3 Global Convergence Analysis

Throughout this section, we assume that \(F: {\mathbb{R}}^n\rightarrow {\mathbb{R}}^n\) is continuously differentiable. Given \(x_0\in {\mathbb{R}}^n\), the algorithm generates a sequence \(\{x_k\}\subset {\mathbb{R}}^n\). In our analysis, the level set of \(f\) is denoted by

$$ {\mathcal{L}}(x_0)=\{ x\in {\mathbb{R}}^n | f(x)\leqslant f(x_0) \}. $$

In order to discuss the properties of Algorithm NCGL in detail, we will summarize as follows.

Lemma 3.1

Consider the step \(v_j\) be obtained from NCGL. Then the norm of the step \(v_j\) is monotonically increasing and the quadratic function \(\psi _k(v_j)\) is monotonically decreasing, that is, \(\Vert v_j \Vert \leqslant \Vert v_{j+1} \Vert \) and \( \psi _k(v_{j+1}) \leqslant \psi _k(v_j)\).

Proof

Because \(v_1=0\), \(\lambda _i >0\) and \( v_{j}^{\text{T}} d_j =\displaystyle {\sum _{i=1}^{j-1} } \lambda _i d_i^{\text{T}} d_j \geqslant 0 \),

$$\begin{aligned} \Vert v_{j+1} \Vert ^2&= (v_j +\lambda _j d_j)^{\text{T}} (v_j +\lambda _j d_j) \\&= \Vert v_{j} \Vert ^2 +2 \lambda _j v_{j}^{\text{T}} d_j +\lambda _{j}^{2} \Vert d_{j} \Vert ^{2} \geqslant \Vert v_j \Vert ^2 , \end{aligned}$$

which means that \(\Vert v_j \Vert \leqslant \Vert v_{j+1} \Vert \) holds.

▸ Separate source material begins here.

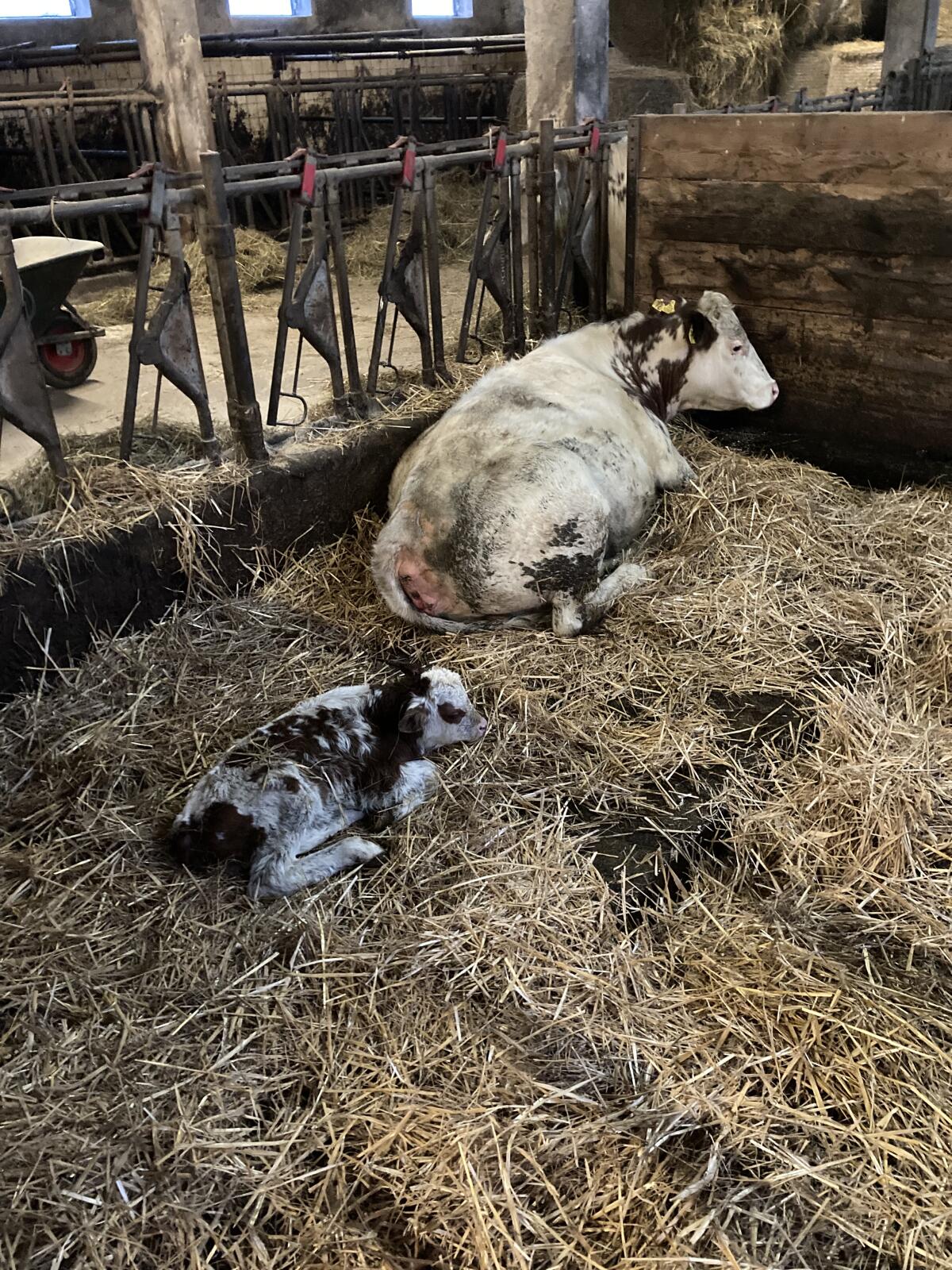 Jungkuh mit Kalb, FL x WBB Kuh mit Kalb, Standort Sinabelkirchen/Steiermark.

Using the expression of \(\psi _k\), \(v_j\) and (2.9), it is clear that

$$\begin{aligned}&\psi _k(v_{j+1}) -\psi _k(v_j) \\&= g_{k}^{\text{T}} (v_{j+1} -v_j) + \frac{1}{2} v_{j+1}^{\text{T}} F_{k}^{'\text{T}} F_{k}^{'} v_{j+1} - \frac{1}{2} v_{j}^{\text{T}} F_{k}^{'\text{T}} F_{k}^{'} v_j \\&= \lambda _j g_{k}^{\text{T}}d_j + \frac{1}{2} \left( \sum _{i=1}^{j} \lambda _i d_i\right) ^\text{T} F_{k}^{'\text{T}} F_{k}^{'} \left( \sum _{i=1}^{j} \lambda _i d_i\right) - \frac{1}{2} \left( \sum _{i=1}^{j-1} \lambda _i d_i\right) ^\text{T} F_{k}^{'\text{T}} F_{k}^{'} \left( \sum _{i=1}^{j-1} \lambda _i d_i\right) \\&= \lambda _j g_{k}^{\text{T}}d_j + \frac{1}{2} \lambda _{j}^{2} \Vert w_j \Vert ^2 \\&= \frac{1}{2} \lambda _j \left[ 2 g_{k}^{\text{T}} d_j +\theta _{j}^{2} r_{j}^{\text{T}} r_j\right] . \end{aligned}$$

Noting

$$\begin{aligned} g_{k}^{\text{T}}d_j +\theta _{j}^{2} r_{j}^{\text{T}} r_j&= d_{j}^{\text{T}} r_1 - \theta _{j} r_{j}^{\text{T}} \big (-\theta _j r_j +\beta _{j-1}d_{j-1}\big )= d_{j}^{\text{T}} r_1 -\theta _j r_{j}^{\text{T}}d_j \\&= d_{j}^{\text{T}} \big (r_1 -\theta _j r_j\big ) = d_{j}^{\text{T}} \big (r_1 - g_k -F_{k}^{'\text{T}} F_{k}^{'} v_j\big ) =- d_{j}^{\text{T}} \sum _{i=1}^{j-1} \lambda _i F_{k}^{'\text{T}} F_{k}^{'} d_i =0 \end{aligned}$$

and \(\theta _{j}^{2} r_{j}^{\text{T}} r_j \geqslant 0\), we get \(g_{k}^{\text{T}}d_j \leqslant 0\), so \(2 g_{k}^\text{T} d_j +\theta _{j}^{2} r_{j}^\text{T} r_j<0\), that is, \(\psi _k(v_{j+1}) -\psi _k(v_j)\leqslant 0\). This completes the proof of this lemma. \(\square \)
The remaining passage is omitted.